The packages available in the current release of REDUCE are as follows:

External packages from JuliaReducePkg:

Additional upstream user contributed packages available.

## 16.1 ALGINT: Integration of square roots

This package, which is an extension of the basic integration package distributed with REDUCE, will analytically integrate a wide range of expressions involving square roots where the answer exists in that class of functions. It is an implementation of the work described in J.H. Davenport, “On the Integration of Algebraic Functions", LNCS 102, Springer Verlag, 1981. Both this and the source code should be consulted for a more detailed description of this work.

The ALGINT package is loaded automatically when the switch algint is turned on. One enters an expression for integration, as with the regular integrator, for example:

Algebra.int(:(sqrt(x+sqrt(x**2+1))/x),:x)

If one later wishes to integrate expressions without using the facilities of this package, the switch algint should be turned off.

The switches supported by the standard integrator (e.g., trint) are also supported by this package. In addition, the switch tra, if on, will give further tracing information about the specific functioning of the algebraic integrator.

There is no additional documentation for this package.
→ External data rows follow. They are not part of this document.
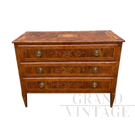 Antico cassettone Luigi XVI a 3 cassetti con intarsio floreale, XVIII secoloPrix Spécial Prix Spécial 5 130,00 €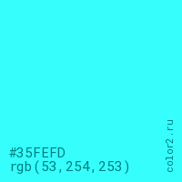 Цвет #35FEFD в цветовой модели RGB обозначается тремя октетами (53, 254, 253) в десятичном формате и #35FEFD в шестнадцатиричном (hex) формате, которые являются интенсивностью красного 53 (hex 35), интенсивность зелёного 254 (hex FE) и интенсивность синего 253 (hex FD).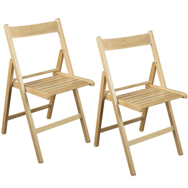 Sedie pieghevoli in legno di faggio di colore Naturale, misura pari a 42x40x78 cm, ideali per qualsiasi tipo di evento sia all’interno che all’esterno o semplicemente da utilizzare come sedie ausiliari quando si hanno ospiti a casa.

Author: James H. Davenport.

## 16.15 COMPACT: Package for compacting expressions

Reduce.Algebra.compactFunction
compact(exprn,list)

COMPACT is a package of functions for the reduction of a polynomial in the presence of side relations. compact applies the side relations to the polynomial so that an equivalent expression results with as few terms as possible. For example, the evaluation of

Algebra.compact(:(s*(1-sin(x^2))+c*(1-cos(x^2))+sin(x^2)+cos(x^2)),
(:(cos(x^2)+sin(x^2)=1),))

yields the result

:(sin(x ^ 2) * c + 1 + cos(x ^ 2) * s)

The switch trcompact can be used to trace the operation.

source

Author: Anthony C. Hearn.

## 16.36 LIMITS: A package for finding limits

Author: Stanley L. Kameny.

LIMITS is a fast limit package for REDUCE for functions which are continuous except for computable poles and singularities, based on some earlier work by Ian Cohen and John P. Fitch. The Truncated Power Series package is used for non-critical points, at which the value of the function is the constant term in the expansion around that point. l’Hôpital’s rule is used in critical cases, with preprocessing of ∞-∞ forms and reformatting of product forms in order to apply l’Hôpital’s rule. A limited amount of bounded arithmetic is also employed where applicable.
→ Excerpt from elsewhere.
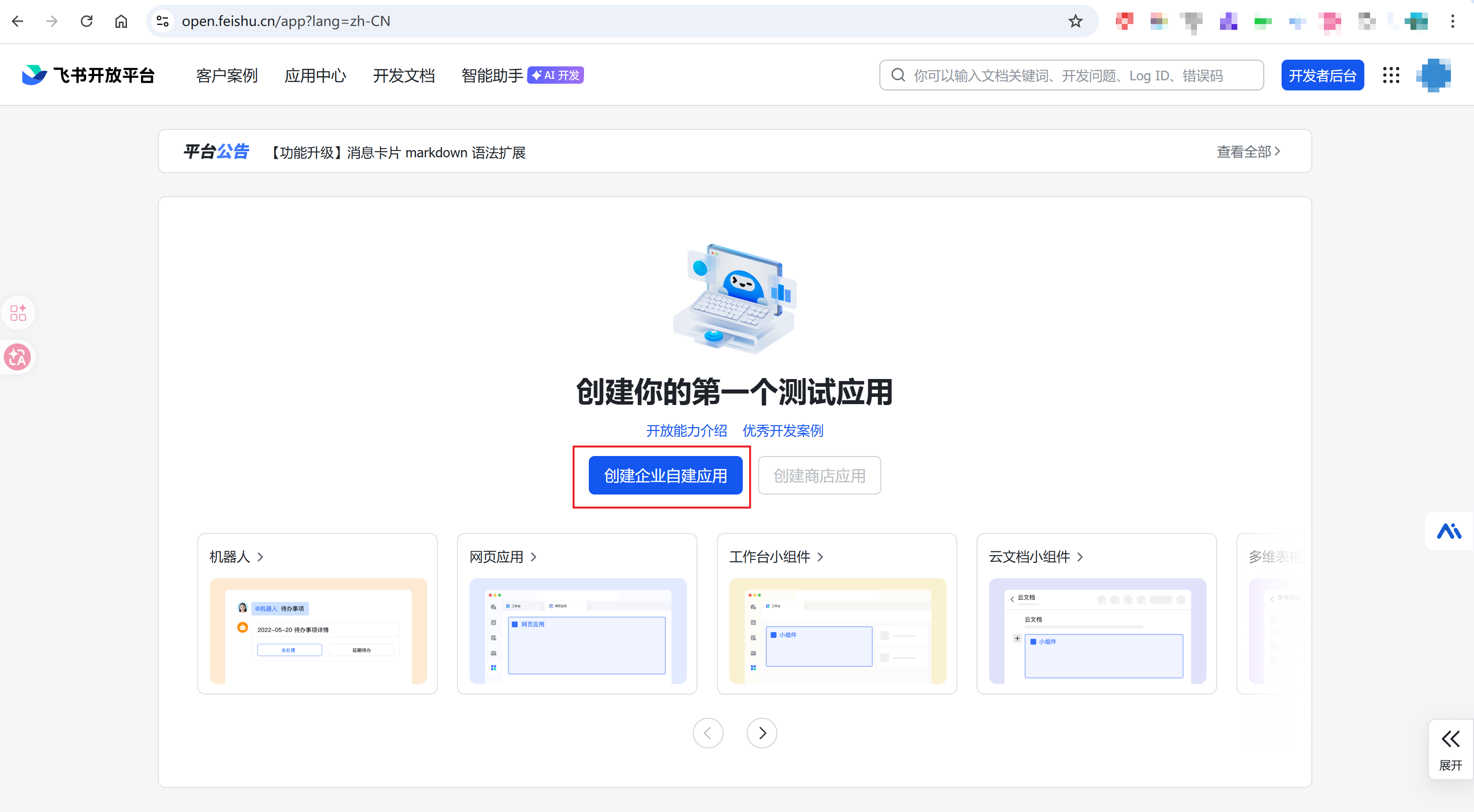飞书开放平台https://open.feishu.cn/app

### 16.36.1 Normal entry points

Reduce.Algebra.limitFunction
limit(exprn,var,limpint)

Syntax

LIMIT(⟨EXPRN:algebraic⟩,⟨VAR:kernel⟩,⟨LIMPOINT:algebraic⟩) : algebraic

This is the standard way of calling limit, applying all of the methods. The result is the limit of EXPRN as VAR approaches LIMPOINT.

source

### 16.36.2 Direction-dependent limits

LIMIT!+(⟨EXPRN:algebraic⟩,⟨VAR:kernel⟩,⟨LIMPOINT:algebraic⟩) : algebraic
LIMIT!-(⟨EXPRN:algebraic⟩,⟨VAR:kernel⟩,⟨LIMPOINT:algebraic⟩) : algebraic

If the limit depends upon the direction of approach to the LIMPOINT, the functions LIMIT!+ and LIMIT!- may be used. They are defined by:

LIMIT!+ (LIMIT!-) (EXP,VAR,LIMPOINT) →LIMIT(EXP*,ϵ,0),
EXP*=sub(VAR=VAR+(-)ϵ2,EXP)

## 16.60 SCOPE: REDUCE source code optimization package

scope is a package for the production of an optimized form of a set of expressions. It applies an heuristic search for common (sub)expressions to almost any set of proper REDUCE assignment statements. The output is obtained as a sequence of assignment statements. GENTRAN is used to facilitate expression output.

Author: J.A. van Hulzen.

## 16.56 RLFI: REDUCE LATEX formula interface

This package adds LaTeX syntax to REDUCE. Text generated by REDUCE in this mode can be directly used in LaTeX source documents. Various mathematical constructions are supported by the interface including subscripts, superscripts, font changing, Greek letters, divide-bars, integral and sum signs, derivatives, and so on.

Author: Richard Liska.

High quality typesetting of mathematical formulas is a quite tedious task. One of the most sophisticated typesetting programs for mathematical text TeX [?], together with its widely used macro package LaTeX [?], has a strange syntax of mathematical formulas, especially of the complicated type. This is the main reason which lead us to designing the formula interface between the computer algebra system REDUCE and the document preparation system LaTeX. The other reason is that all available syntaxes of the REDUCE formula output are line oriented and thus not suitable for typesetting in mathematical text. The idea of interfacing a computer algebra system to a typesetting program has already been used, eg. in [?] presenting the TeX output of the MACSYMA computer algebra system.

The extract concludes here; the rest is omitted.